Or Jay Leno's entire collection


----------



## ScotO (Feb 16, 2013)

Hearth Mistress said:


> 1st car - '94 ford tempo 4 speed
> 2-3cars, 89 Corsica, 2000 Chevy Tracker
> Current Car - 2006 Mini Cooper S
> 
> Dream car - no question.... 1965 Shelby Cobra 427 - not a kit car, a REAL one


Wow, you set the standards high there.....
My buddy at work has an AC Cobra kit car with a REAL Ford 427 side-oiler and toploader 4 speed (with the factory drag racing ratio gears in it), that's as close to real as most can get.  However, he DOES also own a 1967 Shelby GT 500 with the 428 Super Cobra Jet.....and it is REAL........

Some people have all the cool toys!


----------



## ScotO (Feb 16, 2013)

BrotherBart said:


> *First car: 1950 Chevrolet Deluxe 2 door.*


 Did you buy that car brand new, BB?


----------



## BrotherBart (Feb 16, 2013)

Scotty Overkill said:


> Did you buy that car brand new, BB?


 
I tried but they wouldn't sell to a two year old.


----------



## northwinds (Feb 16, 2013)

First car: 1970 VW Bug (Herbie). It was white but rusted out when I got it as a hand-me-down/it-won't-ever-run from my parents. My cousin and I ground off all of the rust and painted the trunk and hood glossy back. Then we finished it up by painting the wheels John Deere yellow. Drove that car down to Daytona Beach when I was 18 on
Spring Break with two buddies. Good Times.

Last car: 2006 VW Golf TDI. Traded it in at 140k. I put a hitch on it and hauled at least two dozen cords of wood (1/4 cord per load) over the years. Nearly 50 mpg when not hauling wood. I loved that car, but it couldn't make it up the steep driveway in the winter after we moved. Hated VW's expensive parts, and the stupid timing belt expense.

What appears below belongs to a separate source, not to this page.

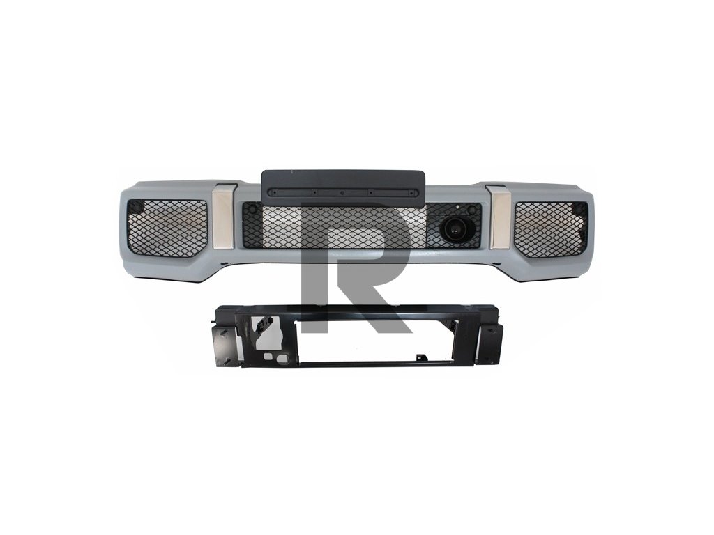 Predný nárazník G65 DesignPredný nárazník je vybavený oceľovou výstuhou predného nárazníka, centrálnou mriežkou chladiča, bočnými mriežkami, hliníkovými ozdobami, mriežkami medzichladiča, atrapou Distronic/Radar senzora a držiakom evidenčného čísla vozidla.

Current vehicle: 2012 Ford Escape with a V6 and hitch. There's nothing that I don't like about this vehicle. The mileage is low to mid 20's, but I drive a lot less now. Hauls wood, goes up the driveway with ease and does everything I need it to. It's my dream vehicle, but I have modest dreams for vehicles.


----------



## Delta-T (Feb 16, 2013)

first car...Chevy Citation (aptly named)
fav car...1985 Saab 900s (4 door sedan style)
current car 08 Ford Escape.


----------



## MasterMech (Feb 16, 2013)

fossil said:


> Hope to get this finished before I'm too old to drive
> 
> View attachment 93844
> View attachment 93845


 
Ooooooo, with the flattie, I like it....


----------



## MasterMech (Feb 16, 2013)

pen said:


> +10 points! Not many people recognize what it was by name!
> 
> Fun car, well ahead of it's time with many features.
> 
> ...


 
Why does it remind me so much of a Mustang SVO?


----------



## MasterMech (Feb 16, 2013)

BrotherBart said:


> The Challenger was purple with black vinyl top. Dodge called the color "Plum Crazy".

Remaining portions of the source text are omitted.